» EXERCISE GOAL
The listing below is to be written out word for word, minus its images.

» SUPPLIED DATA
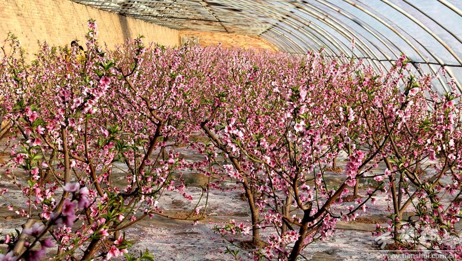 棚外春寒料峭,棚內(nèi)桃花滿枝。
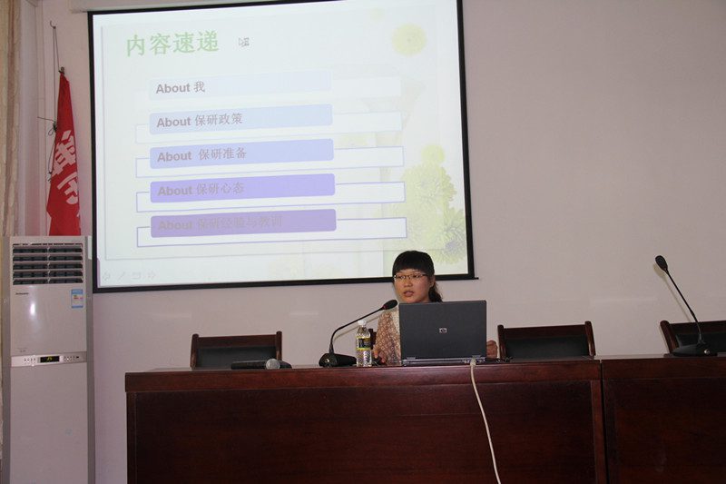 随后,来自2009级的五位同学分别从各自不同的角度,展开了经验交流。其中,被保送至厦门大学的罗敬霖同学,分享了成功与蜕变的经验,剖析了天道酬勤的道理,以合理规划、潜力发掘、感恩之心成就人生梦想;而被保送至重庆大学的颜宏同学,则对各项保研政策,进行了详细解读。紧接着,被保送至四川大学的王向阳同学,分享了老员工活规划的经验,阐释了努力改变自己的道理。然后,被保送至四川大学的凌蒙同学,介绍了保研夏令营的内容和意义,讲述了保研过程中诸多方面的注意事项。最后,被保送至中国农业大学的王静霞同学,围绕着“我的选择,我的海大”的话题,分析了应该如何设计好个人成长曲线。台上学子们的生动演讲,令在座的同学们尤为钦佩不已、感慨万千。在现场师生的阵阵掌声中,本次活动最终得以圆满结束。
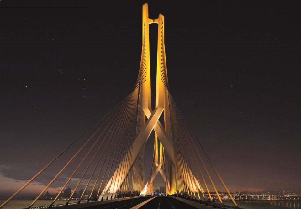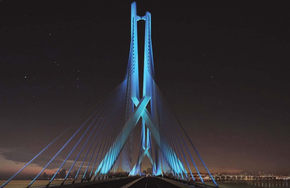 Nhịp cầu dài 1.000m, khoảng cách trụ 500m, đỉnh tháp cao 158m, chịu được động đất cấp 8.

» TASK RESPONSE
 棚外春寒料峭,棚內(nèi)桃花滿枝。
 随后,来自2009级的五位同学分别从各自不同的角度,展开了经验交流。其中,被保送至厦门大学的罗敬霖同学,分享了成功与蜕变的经验,剖析了天道酬勤的道理,以合理规划、潜力发掘、感恩之心成就人生梦想;而被保送至重庆大学的颜宏同学,则对各项保研政策,进行了详细解读。紧接着,被保送至四川大学的王向阳同学,分享了老员工活规划的经验,阐释了努力改变自己的道理。然后,被保送至四川大学的凌蒙同学,介绍了保研夏令营的内容和意义,讲述了保研过程中诸多方面的注意事项。最后,被保送至中国农业大学的王静霞同学,围绕着“我的选择,我的海大”的话题,分析了应该如何设计好个人成长曲线。台上学子们的生动演讲,令在座的同学们尤为钦佩不已、感慨万千。在现场师生的阵阵掌声中,本次活动最终得以圆满结束。
 Nhịp cầu dài 1.000m, khoảng cách trụ 500m, đỉnh tháp cao 158m, chịu được động đất cấp 8.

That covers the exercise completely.